Before starting college in Canada, after his parents had recently died in a plane crash, when he was visiting Portugal by himself:


“I awoke suddenly…confused. I couldn’t remember anything—my name, my age, where I was—complete amnesia. I knew that I was thinking in English, that much I knew right away. My identity was tied to the English language. And I knew that I was a woman, that also. English-speaking and a woman. That was the core of my being. The rest, the ornaments of identity, came several seconds later, after some mental groping. What I remember most clearly of this confusion is the feeling that came upon me afterwards, the feeling that everything was all right. I looked about the dark room. A deep sense of peace sifted through me, so deep that it felt like a dissolution. I was falling asleep again. I lay on my side, brought the sheet up to my neck and returned, smiling to the realm of Morpheus. Everything was all right.


“This happened on a special night. I got up in the morning, stood naked in front of the mirror looking at myself and thought, ‘I’m a Canadian, a woman —and a voter.’


“It was my birthday. I was now eighteen years old.
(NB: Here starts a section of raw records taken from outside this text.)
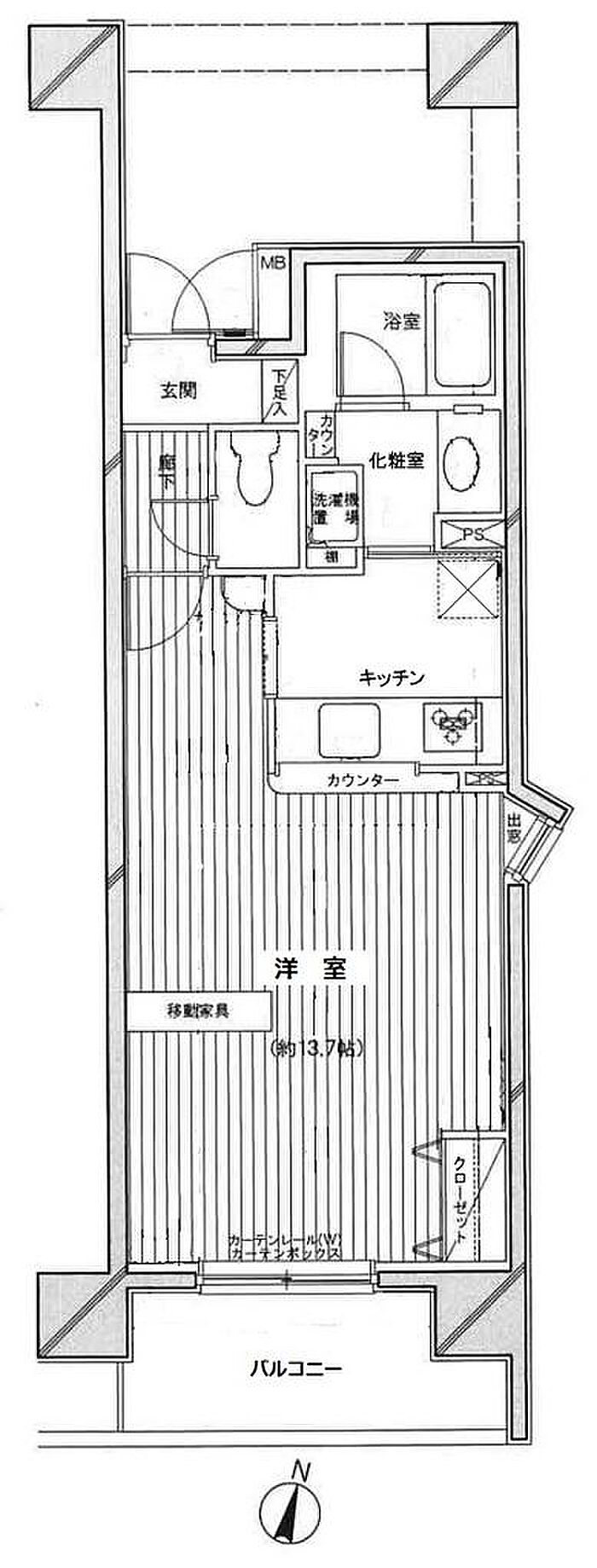 分譲賃貸マンション、南東向き、システムキッチン、3口ガスコンロ、カウンターキッチン、出窓、風呂追い焚き機能、広々1Kタイプ(洋室13.7帖)、移動家具付き ※タバコ不可(電子タバコ含む) ※ペット飼育不可 ※事務所、SHOHO不可、民泊不可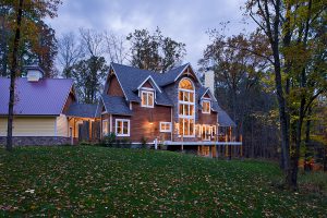 Exterior, horizontal, front 3/4 view showing covered deck at twilight, Pat & Tracy Seaman residence, Trumansburg, New York; Woodhouse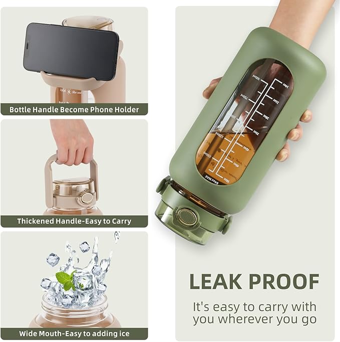 - Glass Water Bottle 64oz :The water jug with straw is designed with high-quality silicone sleeve to protect water bottle from slight bumps. In order to make the half-gallon(2 liters) big gym motivational water bottle easy to carry we have equipped it with handle. Wide-mouth opening make it easy to fill with ice cubes & fruits and daily clean

Full citizen” (1, pp. 107-108).


Comment: The above is best explained by his switching to an English-speaking, female, alternate personality, with amnesia for his regular male, English and French-speaking personality. He has the mirror symptom of multiple personality that I have discussed in various past posts: He looks in a mirror and sees, instead of his regular self, the image of an alternate personality. Search “mirror” and/or “mirrors” in this blog for related past posts.


I will read on to see whether the author probably based the above on his own, similar, understanding, or on his own personal experience.


1. Yann Martel. Self (a novel). Toronto, Alfred A. Knopf Canada, 1996.